Restate the entries below in full, exactly as they read, but without pictures.

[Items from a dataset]
⁂
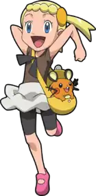 Clemont's Dedenne (Japanese: シトロンのデデンネ Citron's Dedenne) was the first Pokémon that Clemont caught during his journey through the Kalos region, and his fifth overall. He caught him at Bonnie's request so she can care for him, as she is not old enough yet to be a Pokémon Trainer.
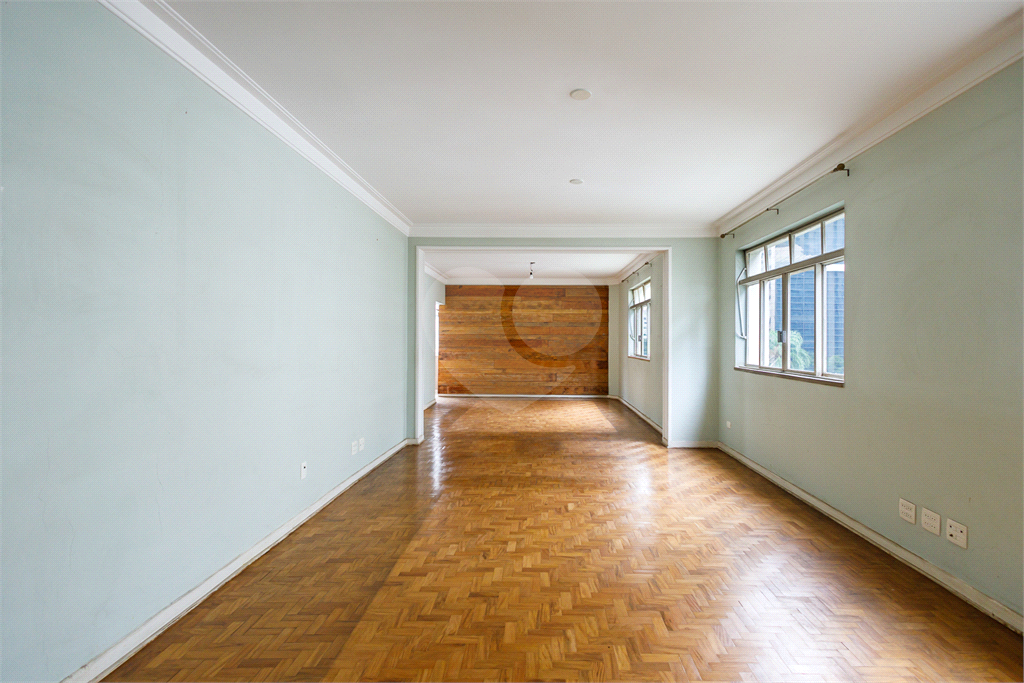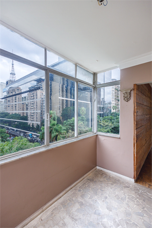 • Amplo living com janelões, piso em taco integrado a um aconchegante jardim de inverno com piso em mármore e linda vista para a copa das árvores da Rua Pamplona, muito claro e ensolarado;
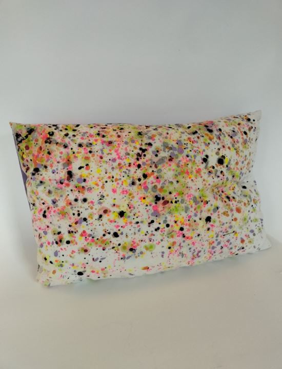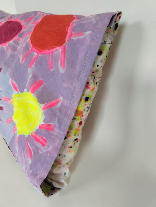 Dit kussen genaamd Spetterende Zomer heeft Marjan gemaakt met textielverf. In dit kussen zit een binnen kussen. De kussenhoes is wasbaar in de wasmachine op 40 graden.
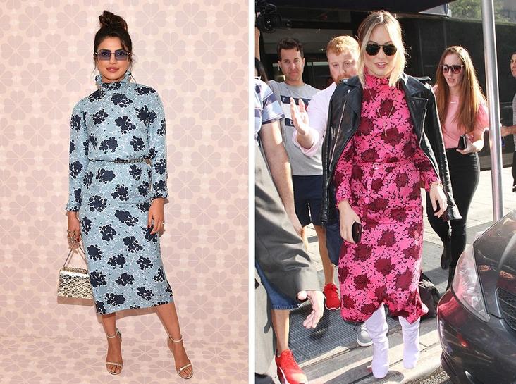 Оливия Уайлд и Приянка Чопра выбрали одинаковые платья от Kate Spade New York, но в разных цветах. Несмотря на различия фигур и внешности актрис, на обеих платье выглядит хорошо. Оно грамотно сидит в плечах и бедрах, а принт, даже при своей крупности, не полнит. Оливия подобрала к малиновому варианту сиреневые сапоги, а Приянка выбрала тонкие серебряные босоножки и стильные очки, которые перекликались с холодным оттенком платья. И такой морозный цвет интересно взаимодействует с восточной внешностью индийской красавицы, а малиновый, наоборот, придает яркости блондинке со светлыми глазами.
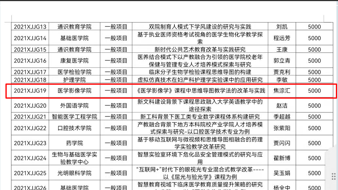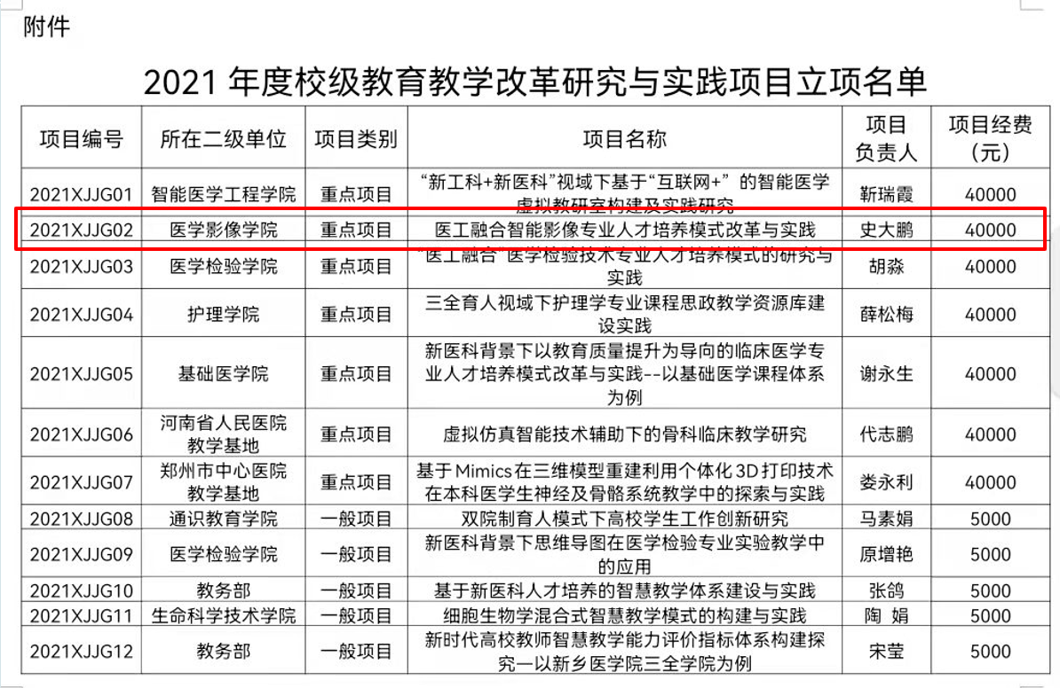 近日,按照《新乡医学院三全学院关于开展2021年度校级教育教学改革研究与实践项目立项的通知》(院发〔2021〕172号)要求,我校组织开展了2021年度校级教育教学改革研究与实践项目立项工作。我院共立项两项,一项重点项目和一项一般项目。我院史大鹏院长主持申报的“医工融合智能影像专业人才培养模式改革与实践”立项重点项目,该项目主要研究在“大、智、移、云”等新技术快速发展背景下,探索我校如何培养“懂技术的医学生”的新医科建设模式。我院焦淙汇教师主持申报的“《医学影像学》课程中思维导图教学法的改革与实践”立项一般项目,该项目有助于为贯彻和落实高校课堂教学改革提供行动依据,更好地发挥课程的育人作用。
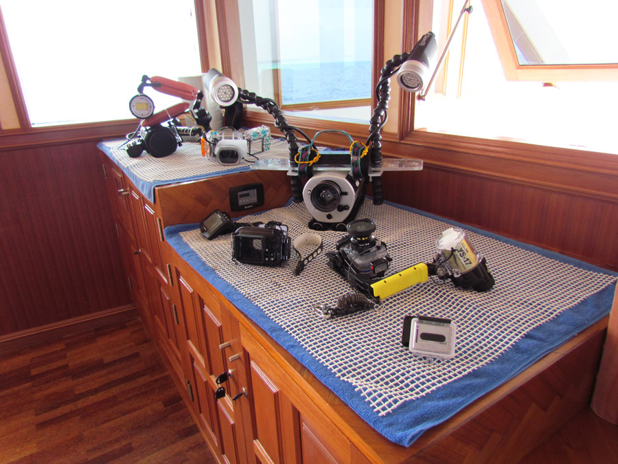 Tanks vary in size, some with double valve and both DIN and INT fittings available. Nitrox 32% is complimentary for qualified divers. The boat is rebreather friendly and 15 litre steel tanks are available on request (paid for locally). A scientific week and Manta Trust itinerary are scheduled annually.
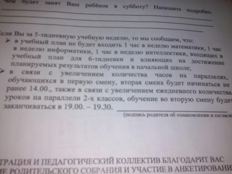 Это,простите, не анкета. У нас было примерно так:посещает ли ребенок спорт.секции? Сколько времени тратится на выполнение дом.задания? Зачем вам 5 дневная учебная неделя? Согласны ли Вы,чтобы допы были вынесены на субботу на свободное посещение и все в том же духе. Все анонимно,ди те принесло домой,вместе почитали,ответили, и отнеслиси обратно в школу.Класс 100 % за пятидневку. |
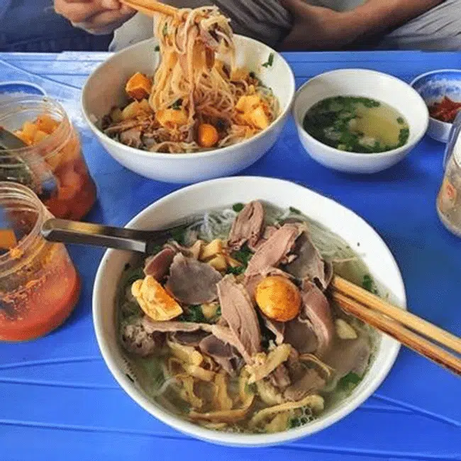 Quán Loan Béo nổi tiếng với món mì ngan thập cẩm – mì ngan tim mề trứng non, là điểm đến lý tưởng, đặc biệt được giới trẻ yêu thích. Cô chủ cửa hàng không chỉ nổi tiếng với sự niềm nở, vui tính mà còn chăm sóc và phục vụ khách hàng một cách tận tâm. Đây sẽ là trải nghiệm ẩm thực độc đáo và đáng nhớ cho những ai yêu thích sự phong cách và ngon miệng.
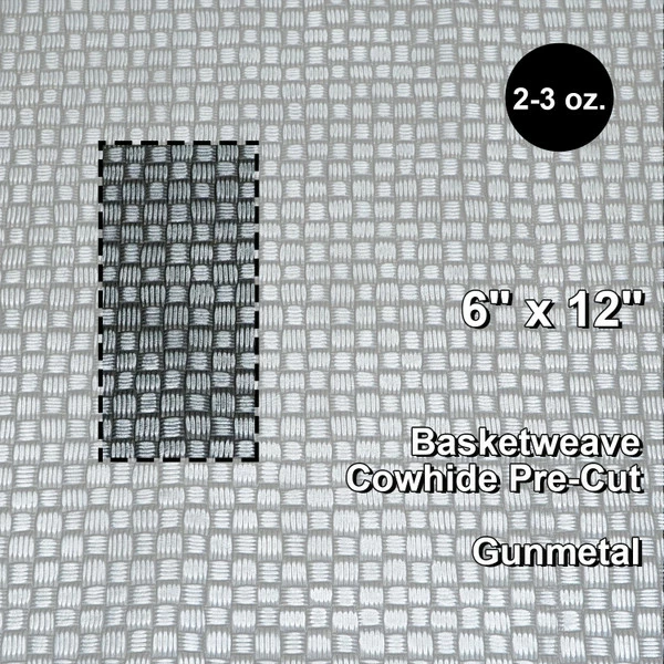 Basketweave Cowhide Pre-Cut – Gunmetal – 6″ x 12″. Sides of Cowhide leather with a Basketweave design in a Gunmetal color, Leather is 2 – 3 oz. (.8 – 1.2 mm.).
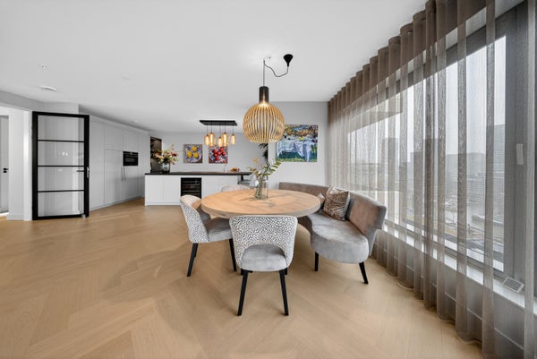 Het gehele appartement is uitstekend geïsoleerd en voorzien van vloerverwarming én vloerkoeling gedurende de warme maanden, hoge plafonds, visgraat eikenhouten vloer, gestucte wanden en plafonds, grote raampartijen en een serene, luxe sfeer.
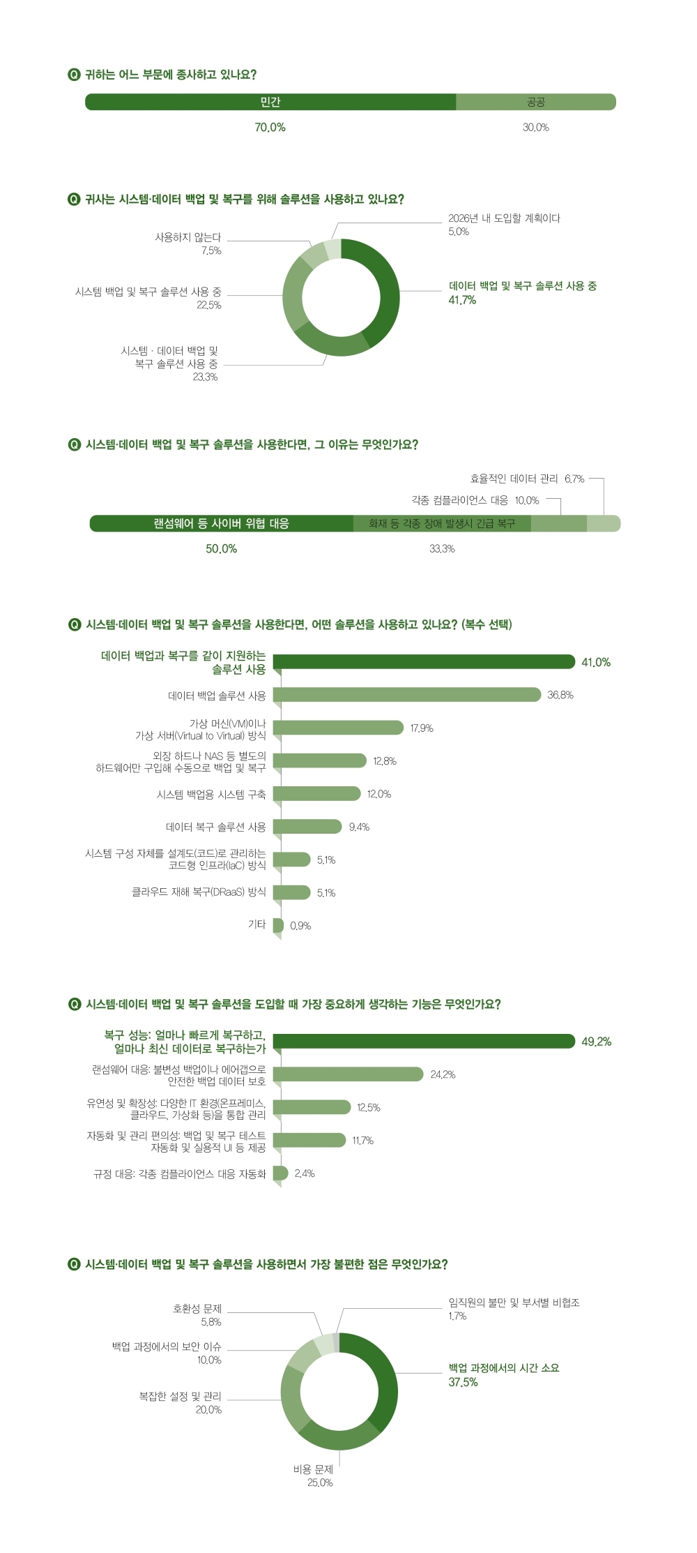 ¸¶Áö¸·À¸·Î ½Ã½ºÅÛ¡¤µ¥ÀÌÅÍ ¹é¾÷ ¹× º¹±¸ ¼Ö·ç¼ÇÀ» »ç¿ëÇϸ鼭 °¡Àå ºÒÆíÇÑ Á¡Àº ¹«¾ùÀÎÁö ¹°¾îºÃ´Ù. »ç¿ëÀÚµéÀÌ °¡Àå ¸¹ÀÌ ºÒÆíÀ» ´À³¢´Â °ÍÀº ¡®¹é¾÷ °úÁ¤¿¡¼­ÀÇ ½Ã°£ ¼Ò¿ä¡¯(37.5%)¿´´Ù. À̾î 25.0%´Â ¡®ºñ¿ë ¹®Á¦¡¯¸¦ ²Å¾ÒÀ¸¸ç, 20.0%´Â ¡®º¹ÀâÇÑ ¼³Á¤ ¹× °ü¸®¡¯¸¦ ¼±ÅÃÇß´Ù. ¶ÇÇÑ 10.0%´Â ¡®¹é¾÷ °úÁ¤¿¡¼­ÀÇ º¸¾ÈÀ̽´¡¯¸¦, 5.8%´Â ¡®È£È¯¼º ¹®Á¦¡¯¸¦, 1.7%´Â ¡®ÀÓÁ÷¿øÀÇ ºÒ¸¸ ¹× ºÎ¼­º° ºñÇùÁ¶¡¯¸¦ °¢°¢ °ñ¶ú´Ù.
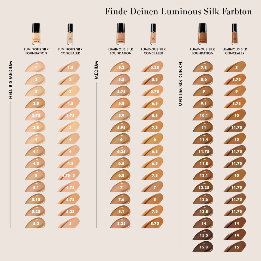 AnwendungshinweisLuminous Silk Illuminating Primer auftragen, um die Haut vorzubereiten. Dann die Luminous Silk Foundation für ein optimales Ergebnis mit Pinsel oder Schwämmchen auftragen. In Schichten auftragen, um die gewünschte Deckkraft zu erreichen – eine für ein natürliches Aussehen, mehrere für mittlere Deckkraft. Für einen intensiveren Glow mit Fluid Sheer oder Luminous Silk Primer mischen.
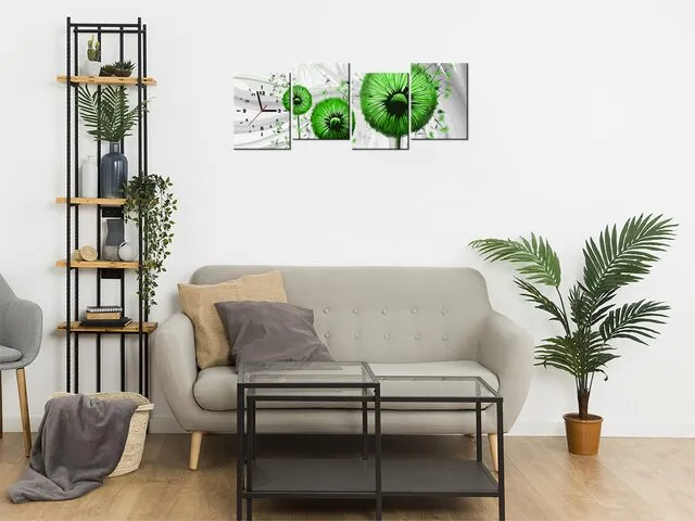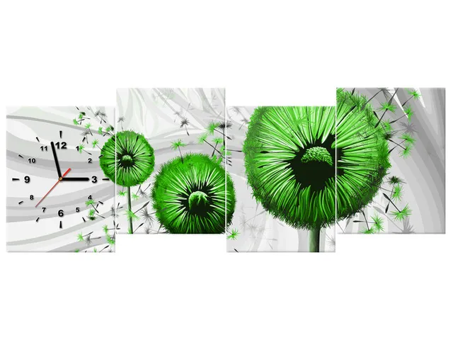 Úvod » Obrazy » Obrazy s hodinami » Obraz na stenu s hodinami Zelené púpavy 3
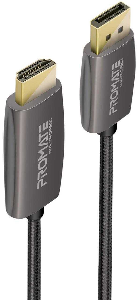 Promate ProLink-DP200 - преміальний DisplayPort to HDMI кабель у нейлоновому обплетенні та з позолоченими конекторами. Дивись фільми та серіали, слухай музику або грай у відеоігри у роздільній здатності 4K UHD 60 Гц без перешкод та втрати якості.
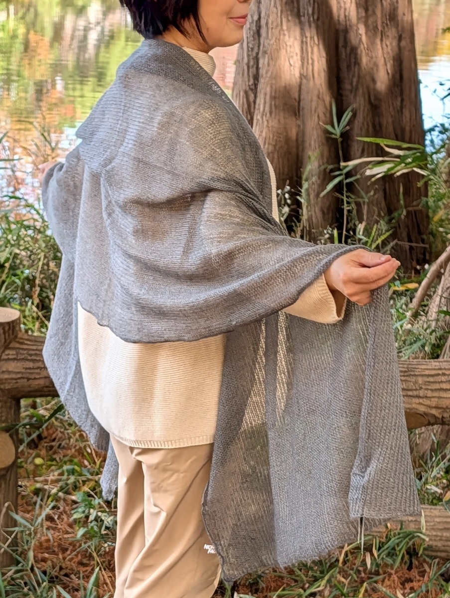 軽くて柔らかいストールは、マフラーのように首に巻いたり、ふわっと肩に羽織ったり、ひざ掛けや少し肌寒い日のブランケットにも。
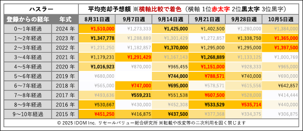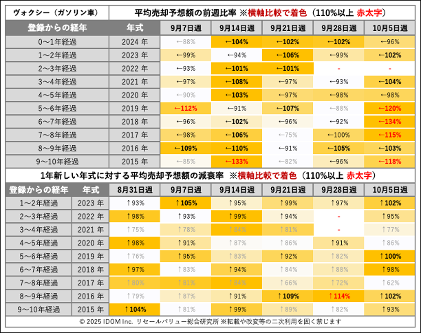 平均売却予想額のトレンドを見ると、2023年式(1〜2年落ち)が前週比約98.3%、2015年式(9〜10年落ち)が前週比約98.9%といずれも微減傾向にある。
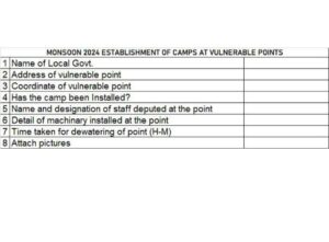 مون سون 2024 کے پیش نظر کمزور مقامات / نشیبی علاقوں میں کیمپ لگانے کے لیے براہ کرم منسلک نمونہ تلاش کریں۔
⁂
### EXERCISE RESULT
 Clemont's Dedenne (Japanese: シトロンのデデンネ Citron's Dedenne) was the first Pokémon that Clemont caught during his journey through the Kalos region, and his fifth overall. He caught him at Bonnie's request so she can care for him, as she is not old enough yet to be a Pokémon Trainer.
 • Amplo living com janelões, piso em taco integrado a um aconchegante jardim de inverno com piso em mármore e linda vista para a copa das árvores da Rua Pamplona, muito claro e ensolarado;
 Dit kussen genaamd Spetterende Zomer heeft Marjan gemaakt met textielverf. In dit kussen zit een binnen kussen. De kussenhoes is wasbaar in de wasmachine op 40 graden.
 Оливия Уайлд и Приянка Чопра выбрали одинаковые платья от Kate Spade New York, но в разных цветах. Несмотря на различия фигур и внешности актрис, на обеих платье выглядит хорошо. Оно грамотно сидит в плечах и бедрах, а принт, даже при своей крупности, не полнит. Оливия подобрала к малиновому варианту сиреневые сапоги, а Приянка выбрала тонкие серебряные босоножки и стильные очки, которые перекликались с холодным оттенком платья. И такой морозный цвет интересно взаимодействует с восточной внешностью индийской красавицы, а малиновый, наоборот, придает яркости блондинке со светлыми глазами.
 近日,按照《新乡医学院三全学院关于开展2021年度校级教育教学改革研究与实践项目立项的通知》(院发〔2021〕172号)要求,我校组织开展了2021年度校级教育教学改革研究与实践项目立项工作。我院共立项两项,一项重点项目和一项一般项目。我院史大鹏院长主持申报的“医工融合智能影像专业人才培养模式改革与实践”立项重点项目,该项目主要研究在“大、智、移、云”等新技术快速发展背景下,探索我校如何培养“懂技术的医学生”的新医科建设模式。我院焦淙汇教师主持申报的“《医学影像学》课程中思维导图教学法的改革与实践”立项一般项目,该项目有助于为贯彻和落实高校课堂教学改革提供行动依据,更好地发挥课程的育人作用。
 Tanks vary in size, some with double valve and both DIN and INT fittings available. Nitrox 32% is complimentary for qualified divers. The boat is rebreather friendly and 15 litre steel tanks are available on request (paid for locally). A scientific week and Manta Trust itinerary are scheduled annually.
 Это,простите, не анкета. У нас было примерно так:посещает ли ребенок спорт.секции? Сколько времени тратится на выполнение дом.задания? Зачем вам 5 дневная учебная неделя? Согласны ли Вы,чтобы допы были вынесены на субботу на свободное посещение и все в том же духе. Все анонимно,ди те принесло домой,вместе почитали,ответили, и отнеслиси обратно в школу.Класс 100 % за пятидневку. |
 Quán Loan Béo nổi tiếng với món mì ngan thập cẩm – mì ngan tim mề trứng non, là điểm đến lý tưởng, đặc biệt được giới trẻ yêu thích. Cô chủ cửa hàng không chỉ nổi tiếng với sự niềm nở, vui tính mà còn chăm sóc và phục vụ khách hàng một cách tận tâm. Đây sẽ là trải nghiệm ẩm thực độc đáo và đáng nhớ cho những ai yêu thích sự phong cách và ngon miệng.
 Basketweave Cowhide Pre-Cut – Gunmetal – 6″ x 12″. Sides of Cowhide leather with a Basketweave design in a Gunmetal color, Leather is 2 – 3 oz. (.8 – 1.2 mm.).
 Het gehele appartement is uitstekend geïsoleerd en voorzien van vloerverwarming én vloerkoeling gedurende de warme maanden, hoge plafonds, visgraat eikenhouten vloer, gestucte wanden en plafonds, grote raampartijen en een serene, luxe sfeer.
 ¸¶Áö¸·À¸·Î ½Ã½ºÅÛ¡¤µ¥ÀÌÅÍ ¹é¾÷ ¹× º¹±¸ ¼Ö·ç¼ÇÀ» »ç¿ëÇϸ鼭 °¡Àå ºÒÆíÇÑ Á¡Àº ¹«¾ùÀÎÁö ¹°¾îºÃ´Ù. »ç¿ëÀÚµéÀÌ °¡Àå ¸¹ÀÌ ºÒÆíÀ» ´À³¢´Â °ÍÀº ¡®¹é¾÷ °úÁ¤¿¡¼­ÀÇ ½Ã°£ ¼Ò¿ä¡¯(37.5%)¿´´Ù. À̾î 25.0%´Â ¡®ºñ¿ë ¹®Á¦¡¯¸¦ ²Å¾ÒÀ¸¸ç, 20.0%´Â ¡®º¹ÀâÇÑ ¼³Á¤ ¹× °ü¸®¡¯¸¦ ¼±ÅÃÇß´Ù. ¶ÇÇÑ 10.0%´Â ¡®¹é¾÷ °úÁ¤¿¡¼­ÀÇ º¸¾ÈÀ̽´¡¯¸¦, 5.8%´Â ¡®È£È¯¼º ¹®Á¦¡¯¸¦, 1.7%´Â ¡®ÀÓÁ÷¿øÀÇ ºÒ¸¸ ¹× ºÎ¼­º° ºñÇùÁ¶¡¯¸¦ °¢°¢ °ñ¶ú´Ù.
 AnwendungshinweisLuminous Silk Illuminating Primer auftragen, um die Haut vorzubereiten. Dann die Luminous Silk Foundation für ein optimales Ergebnis mit Pinsel oder Schwämmchen auftragen. In Schichten auftragen, um die gewünschte Deckkraft zu erreichen – eine für ein natürliches Aussehen, mehrere für mittlere Deckkraft. Für einen intensiveren Glow mit Fluid Sheer oder Luminous Silk Primer mischen.
 Úvod » Obrazy » Obrazy s hodinami » Obraz na stenu s hodinami Zelené púpavy 3
 Promate ProLink-DP200 - преміальний DisplayPort to HDMI кабель у нейлоновому обплетенні та з позолоченими конекторами. Дивись фільми та серіали, слухай музику або грай у відеоігри у роздільній здатності 4K UHD 60 Гц без перешкод та втрати якості.
 軽くて柔らかいストールは、マフラーのように首に巻いたり、ふわっと肩に羽織ったり、ひざ掛けや少し肌寒い日のブランケットにも。
 平均売却予想額のトレンドを見ると、2023年式(1〜2年落ち)が前週比約98.3%、2015年式(9〜10年落ち)が前週比約98.9%といずれも微減傾向にある。
 مون سون 2024 کے پیش نظر کمزور مقامات / نشیبی علاقوں میں کیمپ لگانے کے لیے براہ کرم منسلک نمونہ تلاش کریں۔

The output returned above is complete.